20.  PERIOD OF LIMITATIONS.  Buyer and Seller agree that any action by Buyer against Seller relating to this contract or the products sold hereunder, including, without limitation, any action for breach of contract or warranty, or otherwise in connection with the products sold under this contract, must be commenced by Buyer against Seller within one year after the cause of action therefore accrues or one year of delivery of the products sold hereunder, if less.

21.  CONFLICTING PROVISIONS OFFERED BY BUYER.  Any terms and conditions of any purchase order or other instrument issued by the Buyer, in connection with the subject matter of this document, which are in addition to or inconsistent with the terms and conditions expressed herein, will not be binding on Seller in any matter whatsoever unless accepted by Seller in writing.

22.  SEVERABILITY.  In case any provision of this contract shall be declared invalid, illegal or unenforceable, the validity, legality and enforceability of the remaining provisions shall not in any way be affected or impaired.

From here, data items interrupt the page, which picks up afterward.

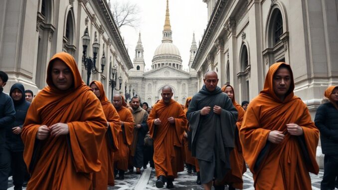 It was a day that some locals described as once in a lifetime when a group of Buddhist monks arrived barefoot on the steps of the National Cathedral while there was still snow on the ground.
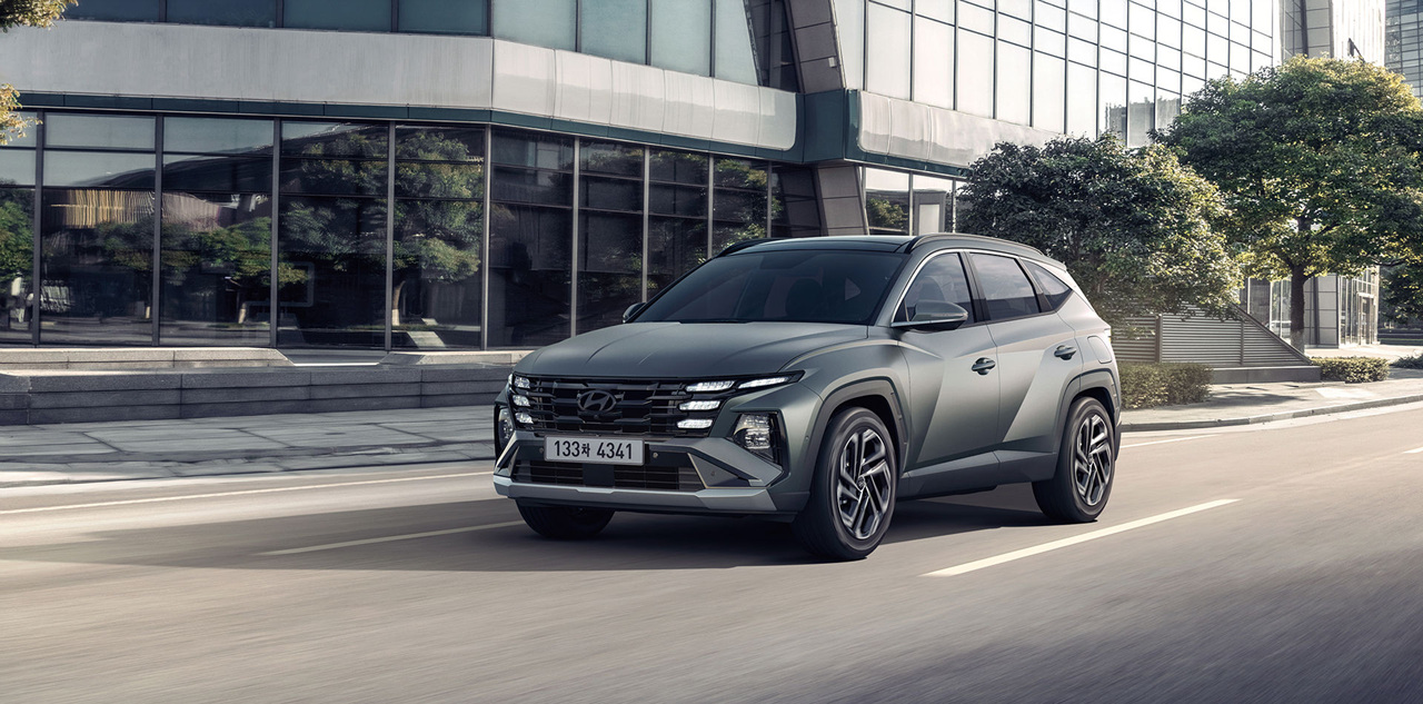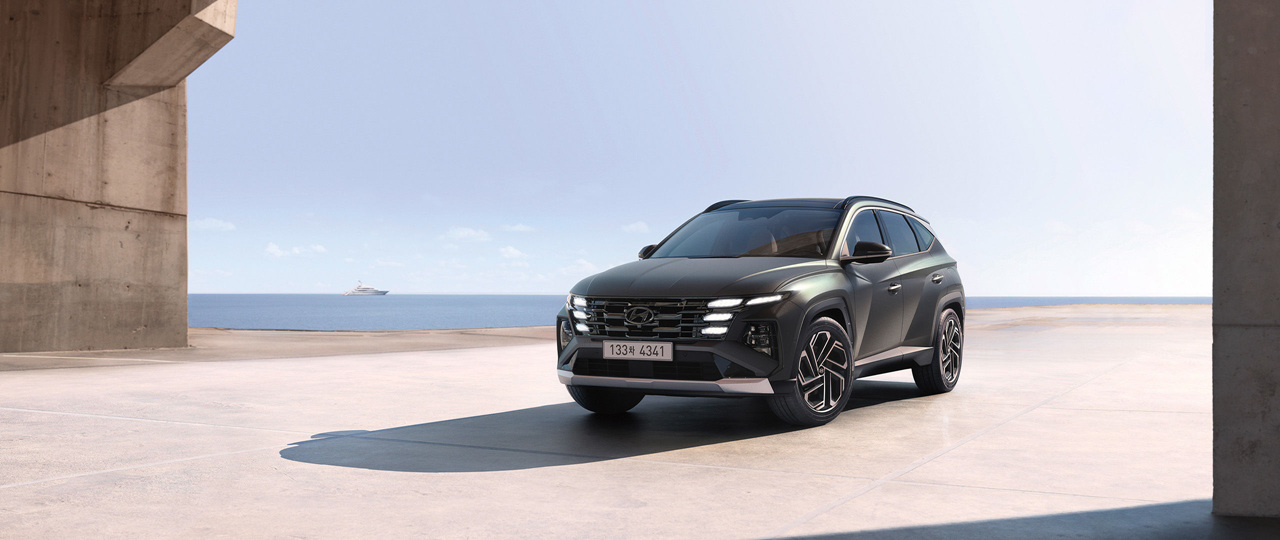 2024 투싼은 러기드한 디자인과 스포티한 캐릭터 라인을 결합하여 다이내믹한 스타일을 강조하고 있습니다. Full LED 헤드램프와 히든 라이팅 주간주행등은 주행 시 시야를 확보하는 데 도움을 주고 있습니다.
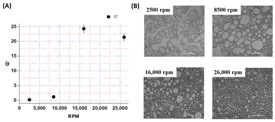 (A) Plot of storage modulus (G′) at the start of the frequency sweep against the homogenization speed. Plot (B) shows the optical images of the emulsion microstructure obtained at different speeds of homogenization, as observed under the microscope (Magnification 10×).
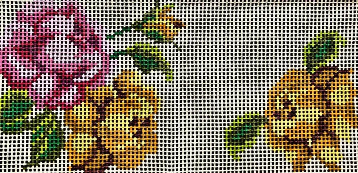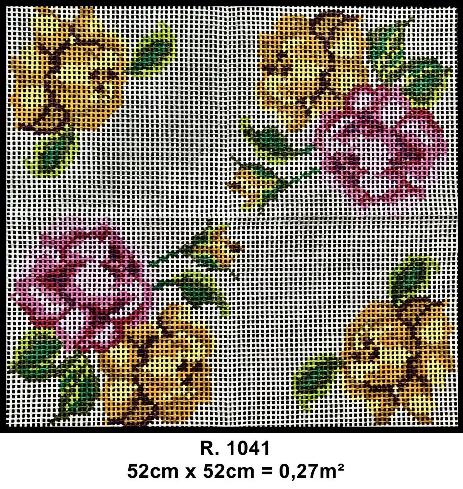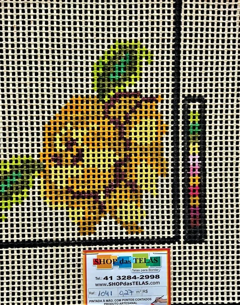 Tela talagarça pintada à mão, com pontos contados ímpares.
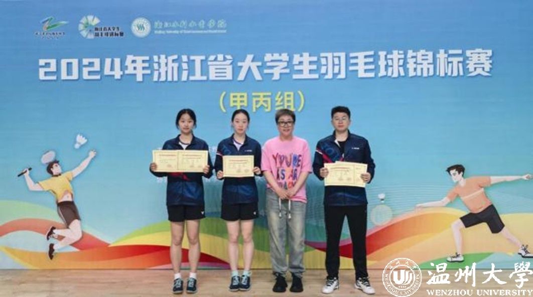本次比赛由浙江省教育厅、浙江省体育局主办,亚洲无码 代表队由体育与健康学院副院长叶建强担任领队,郑艺老师担任教练带队比赛,队员由体育与健康学院、外国语学院7名学生参加女子团体、男子团体、男单、男双、女单、女双、混双七个组别的比赛。
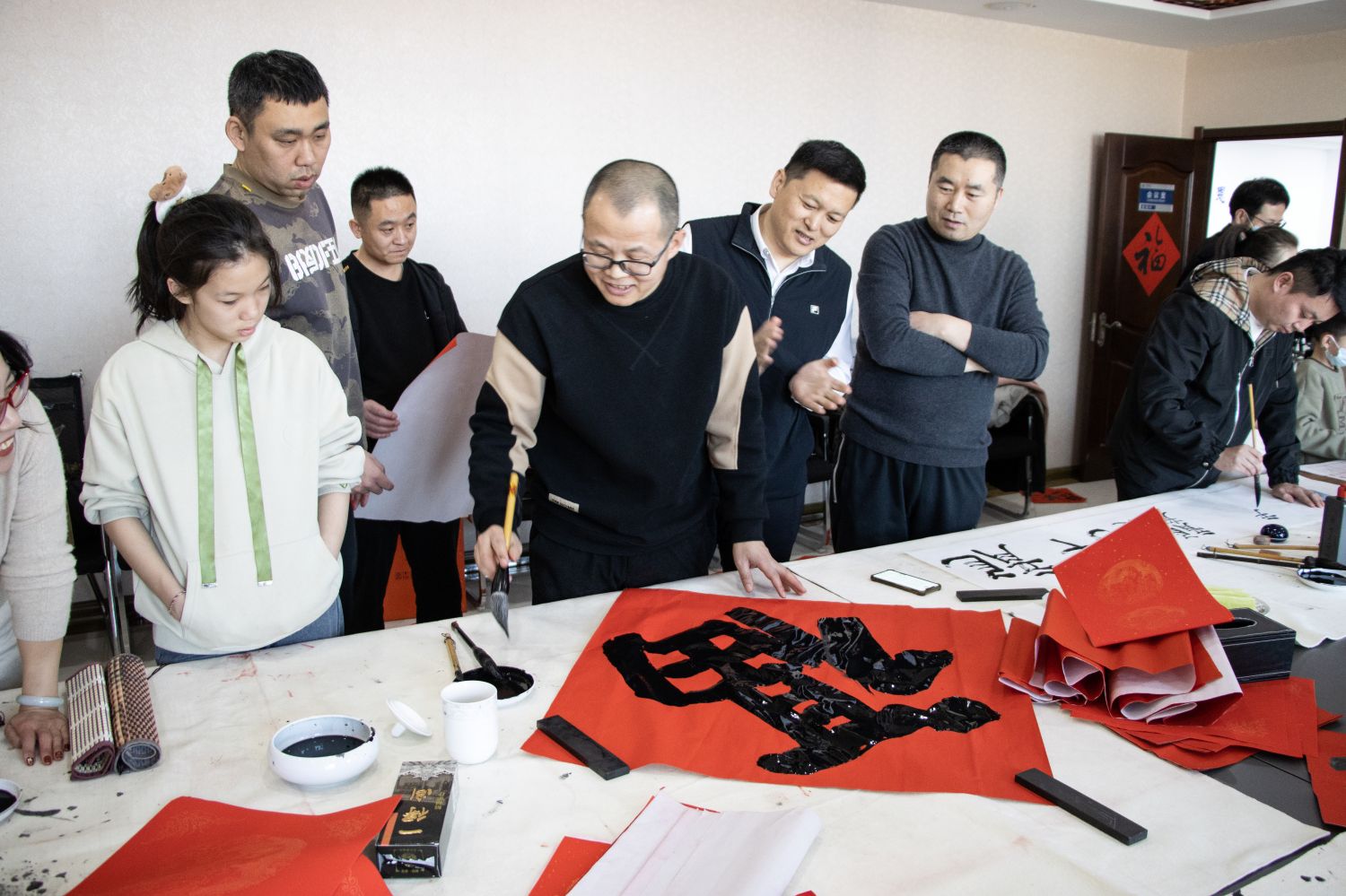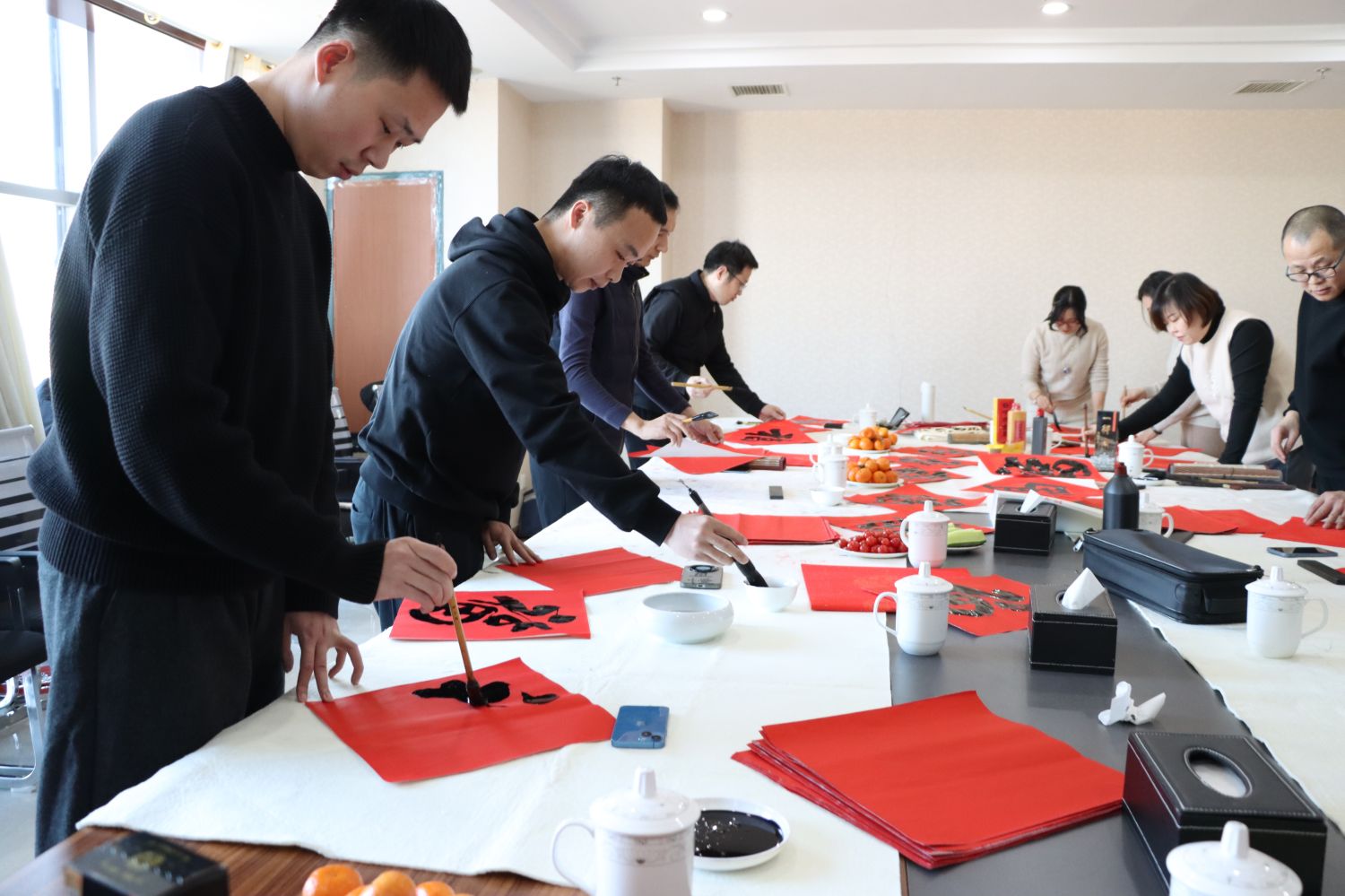 董事長代春龍及公司書法愛好者參加活動,濰坊青年書協顧問鐘毅,青年主席王清平,副主席張華堂、孫勇、楊明遠,主席團成員齊小嬌、劉之群,副秘書長徐東升、李苗苗,理事李翠、趙福麟等書法家受邀共同參與。

23.  APPLICABLE LAW.  This contract shall be governed by, and construed and enforced in accordance with, the laws of the State of Ohio.  Buyer and Seller specifically agree that any legal action brought relating to this contract shall be brought and tried exclusively in the federal district court in Cincinnati, Ohio, or, in the absence of jurisdiction, the Butler County Court of Common Pleas in Hamilton, Ohio.